M.C. Escher naît le 17 juin 1898, cinquième fils de George Escher et de Sarah Gleichmann, sa seconde épouse. D’après les remarques du père d’Escher, il est clair que la naissance de M.C. Escher en 1898 était un accident ; son épouse souhaitait très fortement avoir une autre fille. Maurits Cornelis porte le nom de l’un des grands-pères de sa mère. Petit, son nom est changé par la famille au profit de « Maukie », plus familier, qui devient plus tard Mauk, nom que ses amis utilisent également.

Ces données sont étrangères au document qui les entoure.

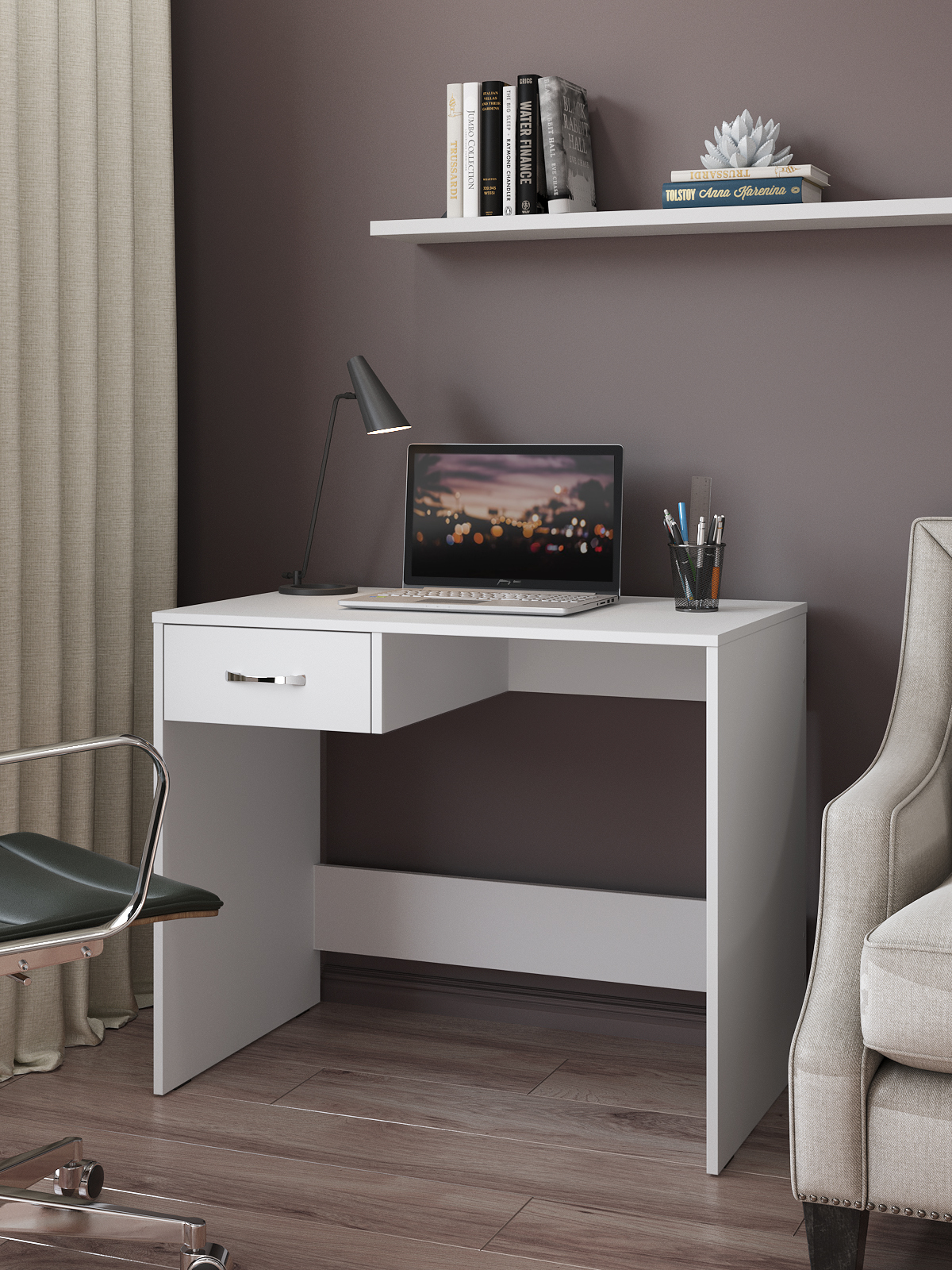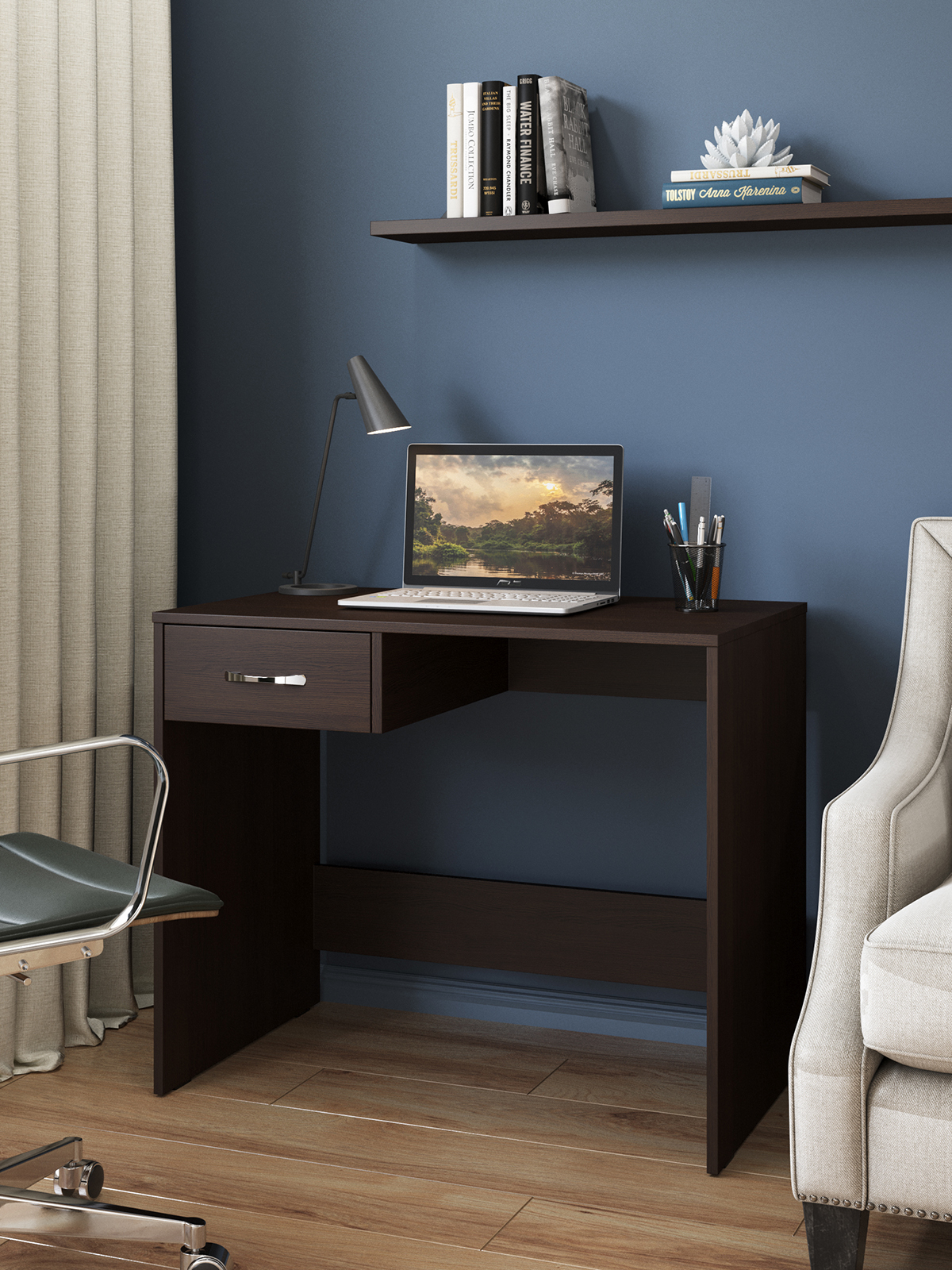 Письменный стол С-234 предусматривает место для монитора, имеется один выдвижной ящик. Внутренние размеры ящика: ш298*в90*г384 мм. Фурнитура: роликовые направляющие.

Le père d’Escher, George Arnold Escher, est ingénieur hydraulique. C’est l’un des huit « watermen » néerlandais à avoir travaillé au Japon entre 1873 et 1878 sur l’invitation de l’empereur. Après son retour aux Pays-Bas, son père devient finalement, en 1890, ingénieur en chef de seconde classe au ministère de l’eau, à Leeuwarden. Il loue la maison de Prinsessehof pour sa famille, où il a son bureau.

La maison de Prinsessehof, lieu de naissance de Maurits Escher
Maurits Escher (devant gauche, avec chapeau de paille), Zandvoort 1905

Jeunesse

La famille déménage à Arnhem en 1903. Mauk a une enfance heureuse malgré de nombreuses maladies. À l’âge de sept ans, en 1905, il passe beaucoup de temps dans une sorte de centre de convalescence pour enfants à Zandvoort afin de développer ses forces. Comme les autres fils, Escher reçoit une éducation complète et apprend entre autres choses la menuiserie et le piano. Il y a un télescope sur le toit terrasse de la maison, qu’il utilise fréquemment avec son père. Mais le dessin et la peinture sont, dès sa jeunesse, ses véritables passions.

Malgré la différence d’âge entre Mauk Escher et ses frères, tous sont très proches. À l’occasion des 25 ans de mariage de ses parents en 1917, il conçoit le cadeau groupé des fils : un peigne d’argent créé par un orfèvre d’Arnhem. Escher n’a alors que 19 ans.

Le lien entre frères reste fort. Plus tard, son frère Berend, professeur de géologie puis recteur de l’université de Leiden, le tient au courant des dernières avancées scientifiques sur la cristallographie.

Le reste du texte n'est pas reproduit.